Task – Restate word for word all of the lines below, with each image left out.

Dataset section –
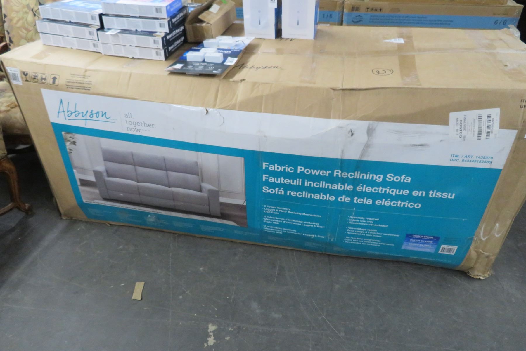 New Abbyson Grey Fabric Power Reclining Sofa
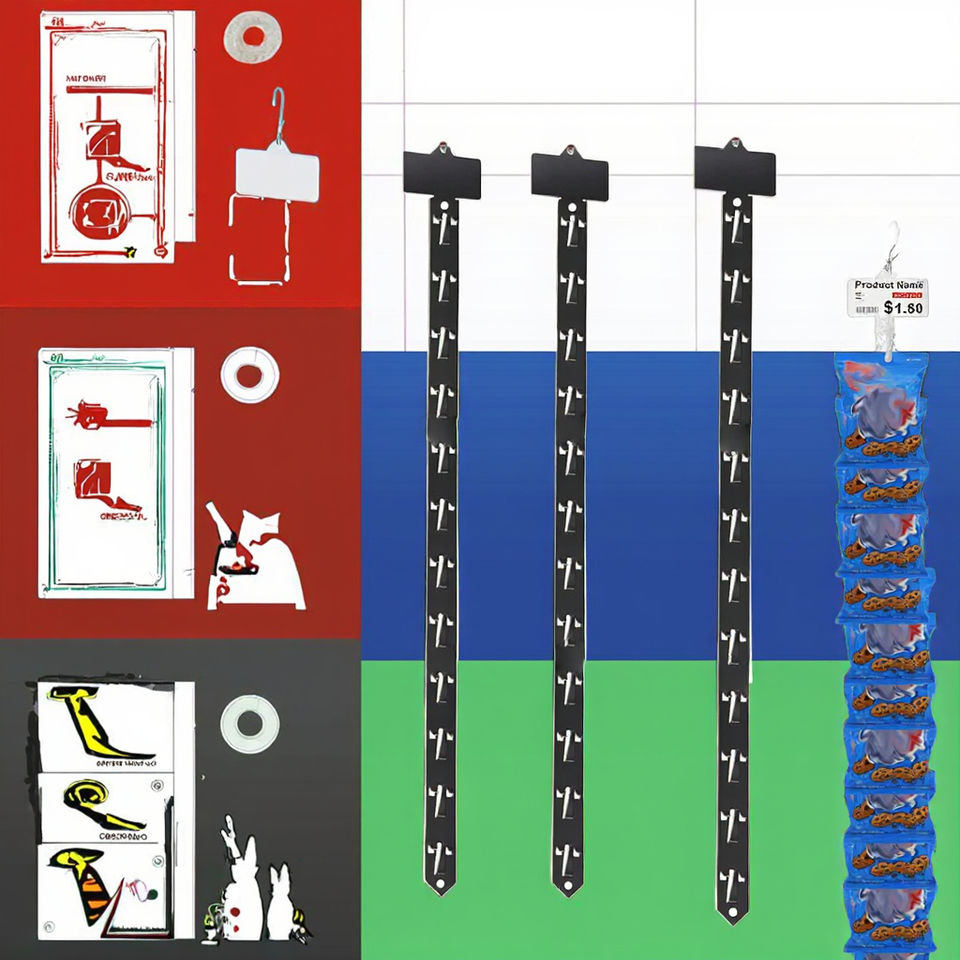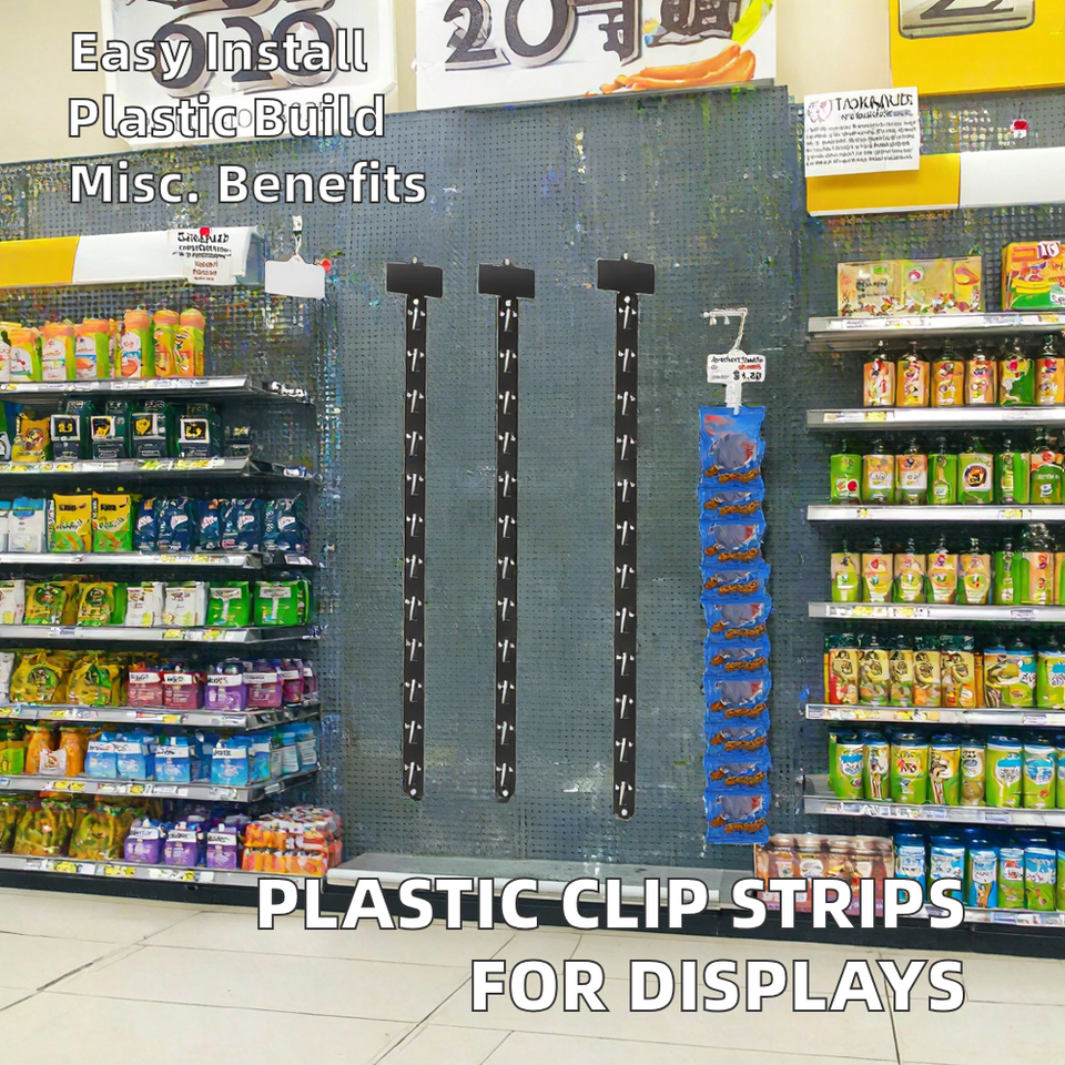 Bandes de présentation suspendues Hookei avec crochets (PP/PVC) pour les marchandises des magasins de détail - Clips de présentation faciles à installer pour les collations
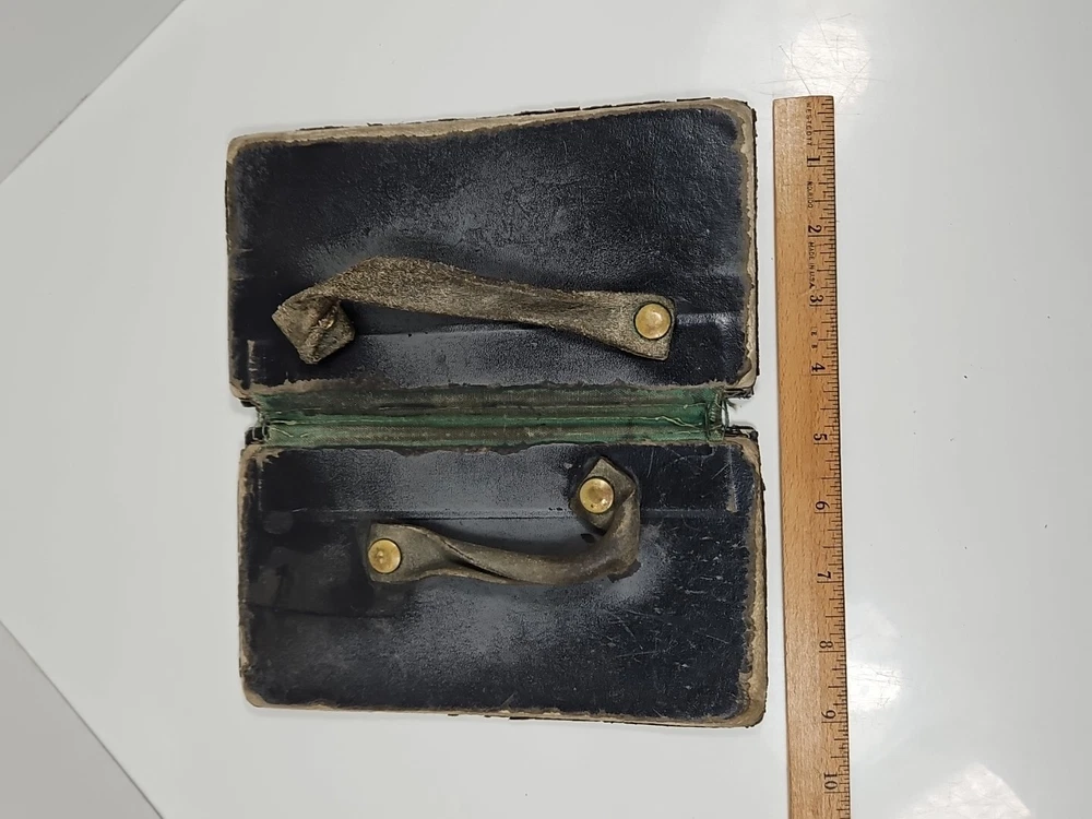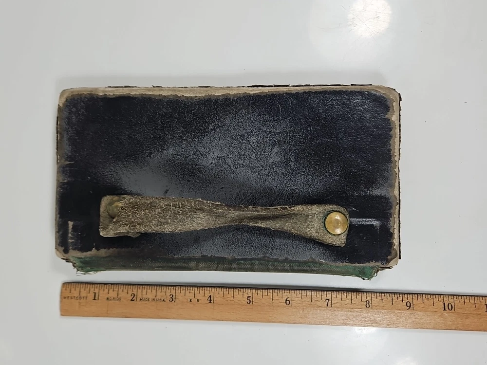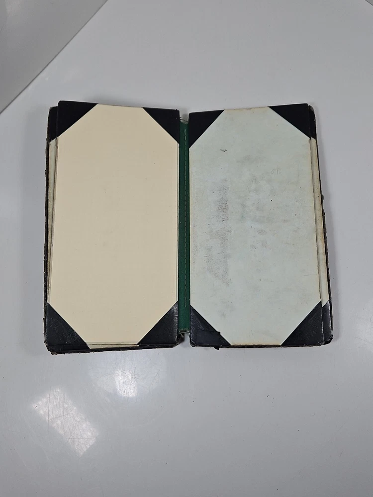 Antique Leather Notebook Hard Pages Workshop Booklet Leather Strapped Good used condition. Light wear from age and use. Markings from age and use. See pictures Product will be shipped timely and packaged with care. Offers are encouraged. Please feel free to reach out with questions. Please see pictures. Thank you. Heavy signs of age and use. Worn corners and edges. Estate find Morton illinois. Sold as is seen. This antique leather notebook is perfect for those who value the classic look of a bound book. The cover is made of high-quality leather that gives a sleek and sophisticated appearance to the item. The notebook is ideal for keeping track of important dates, notes, and sketches. It has hard pages that provide a sturdy support for your ideas, while the leather strap ensures that the notebook stays securely in your hand. This item is perfect for those who want to add a touch of elegance to their everyday life. MRE1

Your response –
 New Abbyson Grey Fabric Power Reclining Sofa
 Bandes de présentation suspendues Hookei avec crochets (PP/PVC) pour les marchandises des magasins de détail - Clips de présentation faciles à installer pour les collations
 Antique Leather Notebook Hard Pages Workshop Booklet Leather Strapped Good used condition. Light wear from age and use. Markings from age and use. See pictures Product will be shipped timely and packaged with care. Offers are encouraged. Please feel free to reach out with questions. Please see pictures. Thank you. Heavy signs of age and use. Worn corners and edges. Estate find Morton illinois. Sold as is seen. This antique leather notebook is perfect for those who value the classic look of a bound book. The cover is made of high-quality leather that gives a sleek and sophisticated appearance to the item. The notebook is ideal for keeping track of important dates, notes, and sketches. It has hard pages that provide a sturdy support for your ideas, while the leather strap ensures that the notebook stays securely in your hand. This item is perfect for those who want to add a touch of elegance to their everyday life. MRE1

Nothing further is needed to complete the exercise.